Há como que uma aprendizagem centrada na linguagem, social e comunicativa, que transforma o género num instrumento poderoso que veicula uma concepção de língua “mais ampla, integrando os principais eixos do ensino: leitura, produção e análise linguística” (Bunzen, 2004, p. 221), mas também a consciência das relações sociais reais e dos respetivos contextos que intervêm na produção do texto - oral ou escrito. (Bronckart, 2003; Vygotsky, 1978). Alguns autores distinguem os termos género de texto (ou textual) e género do discurso (ou discursivo), na medida em que, de acordo com o conceito que lhes

está associado, estes termos não são sinónimos. Os termos género de texto (ou textual) parecem apontar mais para a materialidade textual, implicando uma perspetiva focalizada no material linguístico selecionado e no texto construído, fruto das condições em que o texto foi produzido. Os termos género do discurso (ou discursivo) parecem focalizar-se mais no estudo das situações de produção dos enunciados ou textos, “privilegiando a vontade enunciativa do locutor (...) e a partir desta análise (...) as marcas linguísticas, que refletem no enunciado/texto esses aspetos da situação” (Rojo, 2005, p. 199).

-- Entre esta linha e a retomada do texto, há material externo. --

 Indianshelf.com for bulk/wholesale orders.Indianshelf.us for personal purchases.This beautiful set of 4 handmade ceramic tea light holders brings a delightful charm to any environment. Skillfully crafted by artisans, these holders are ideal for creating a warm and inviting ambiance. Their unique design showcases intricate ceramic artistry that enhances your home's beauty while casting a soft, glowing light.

As perspectivas que partem da formulação de género de textos parecem configurar um tipo de trabalho mais ligado às maneiras (também linguísticas) de construir o significado o que, se encarado pedagogicamente, implica que “devem ser propostas situações que se reportem a práticas sociais e géneros textuais passíveis de serem reconstituídos, ainda que parcialmente, em sala de aula (...)” (Marcuschi, 2010, p. 78). Ou seja, independentemente da distinção teórica entre texto e discurso, a prática de trabalho em sala de aula com os géneros deverá, idealmente, incidir no reconhecimento e reprodução das suas características linguísticas e discursivas, diretamente dependentes do contexto de produção, dos propósitos comunicativos e do conteúdo a transmitir.

Pela sua nova abordagem, o modelo de ensino da escrita baseado no género de textos

tem gerado um interesse crescente nas três últimas décadas e tem tido um impacto considerável na forma como se compreende o discurso e se ensina a língua. Transformou o ensino da escrita em diferentes contextos e relativamente a diversas línguas, quer estas tenham sido aprendidas como língua materna (L1), L2 ou língua estrangeira (LE). Assim, tanto na área da análise do discurso, como na área do ensino-aprendizagem da escrita, em contextos académicos (secundário e universitário), o conceito de género tem permitido transformar métodos de ensino, desenvolver currículos e programas e criar materiais instrucionais mais adequados às reais necessidades dos estudantes que agora frequentam a escola e a universidade.

Este crescente interesse dado à noção de género, e à sua aplicação no ensino e aprendizagem da língua, tem tido um objetivo duplo: por um lado, compreender as relações entre a linguagem e o seu contexto de uso e, por outro, colocar este conhecimento ao serviço do ensino da língua e do desenvolvimento das competências de literacia, associando o “saber” ao “saber fazer” (cf. cap.1). Desenvolveu-se uma teoria da linguagem socialmente enquadrada e uma “abordagem logocêntrica” (Coutinho, 2013, p. 19)

enraizada no papel fundamental da linguagem no desenvolvimento humano e na pesquisa desenvolvida acerca dos textos e respetivos contextos, para além do estreito e formal universo do paradigma cognitivista, explorado pelo modelo processual.